And the emu and the Bob Hawke
Form a chorus far away
On lagerphone and telephone
With a Toorali Oorali Ay.

But Paul has ceased from Keating
With Howard's Ruddy end
And my Kit-Kat's lost its kitten
Round the riverbend. 

At Minyip stands a bunyip
And he bids the town goodbye
As he rows down old Les Murray
With a sad and knowing sigh
'til Patterson with his Banjo
Bids him stop and rest at night
For a slice of Magic Pudding
At the Great Australian Bite.

Time like a sausage rolls on
And Cloncurry's going cold
I once was so Vic Bitter,
But now I'm XXXX Gold. 

UPDATE! - The Baron has been trying to persuade me that Kit-Kats are not Australian. What rubbish!
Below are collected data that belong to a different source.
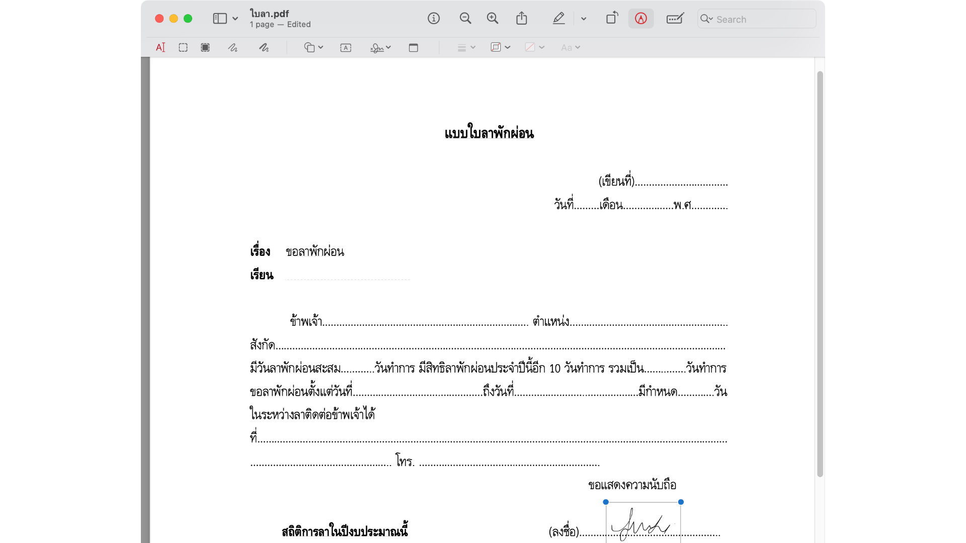 แอปพลิเคชันที่ติดมากับ macOS ซึ่งมีอยู่ใน Mac ทุกเครื่อง สามารถใช้ดูและแก้ไข PDF เบื้องต้นได้
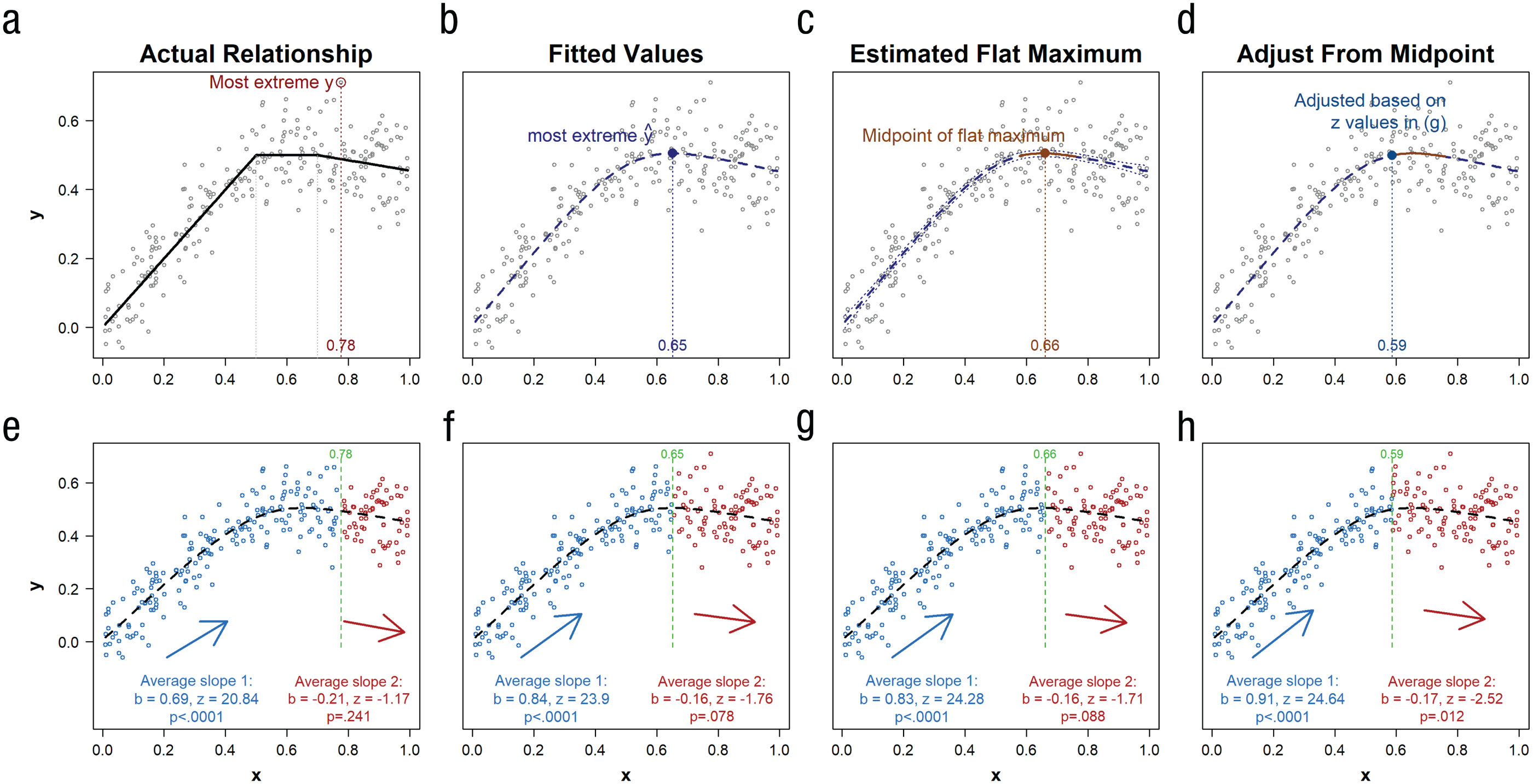 Illustration of four procedures to identify the break point (a–d) and their consequences (e–h). All panels are based on the same random sample (each circle represents a data point); the true relationship between x and y is shown by the solid line in (a). The effect of x on y is positive up to x = 0.5, flat up to x = 0.7, and negative onward. The top row shows four alternative ways to set the break point: It may be the x value associated with (a) the most extreme y value; (b) the most extreme fitted value, ; (c) the midpoint of the flat maximum; or (d) the solution provided by the Robin Hood algorithm. The bottom row shows the resulting two-lines regressions. The fitted values in (b) through (d) were obtained by smoothing the scatterplot with a cubic spline. The flat region in (c) and (d) is where are within 1 SE of the maximum . The R code to reproduce this figure is available at https://osf.io/zdert/.
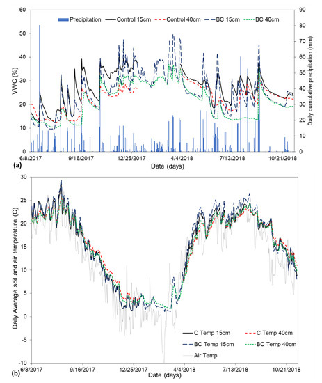 Changes in (a) soil volumetric water content (VWC) and (b) soil temperature as influenced by biochar (BC) addition.
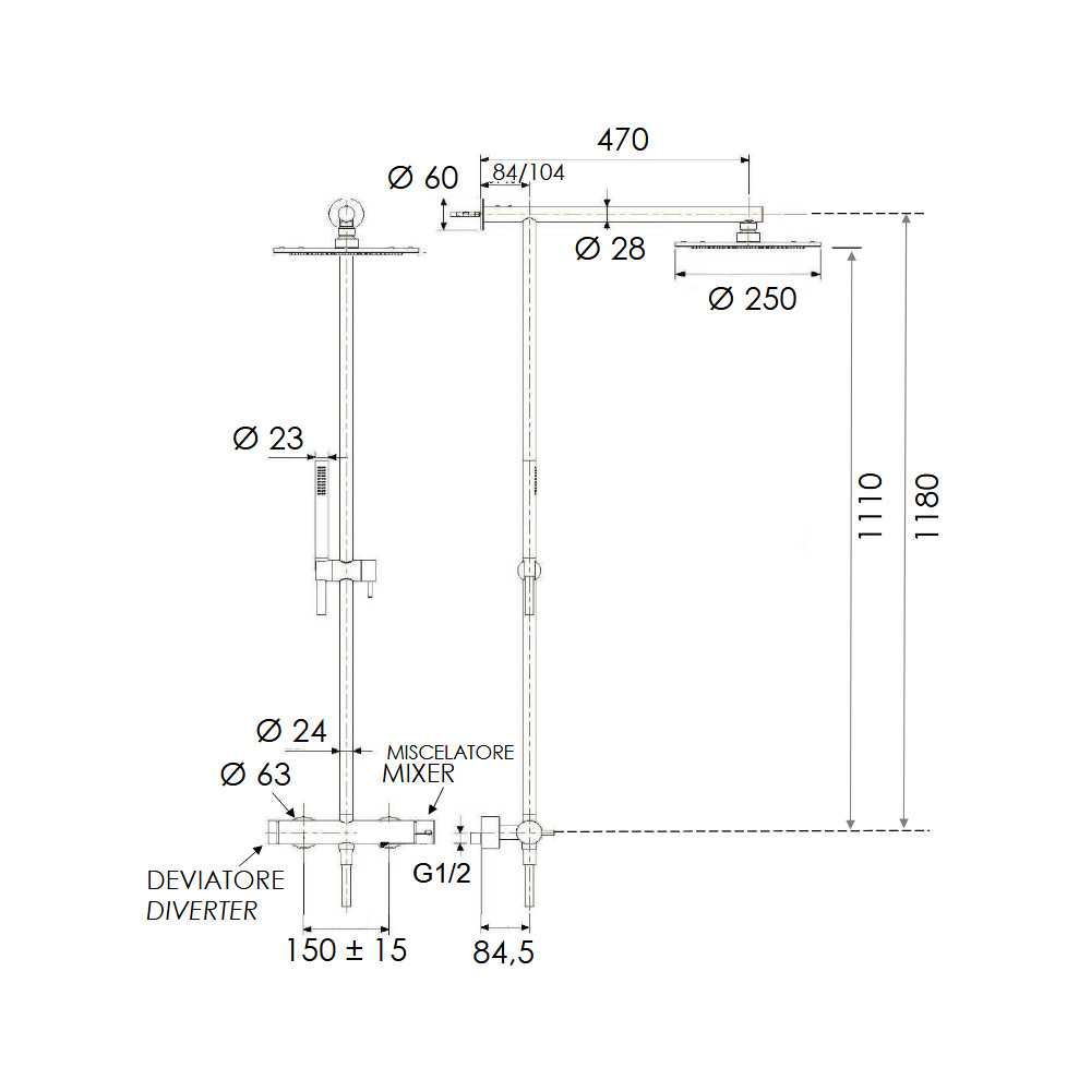 Wysokość kolumny: 1180 mm

They're as Australian as Prime Minister Roosevelt Menzies-Churchill the Second, who invented Tasmania using nothing more than vulcanised rubber!

AND ANOTHER THING - For your edification, there is an alternative version of the second chorus:

But Paul has ceased from Keating
With Howard's Ruddy bum;
For it's hard to have a Gaytime
And tell it to your mum. 

Now aren't you glad I didn't tell you that?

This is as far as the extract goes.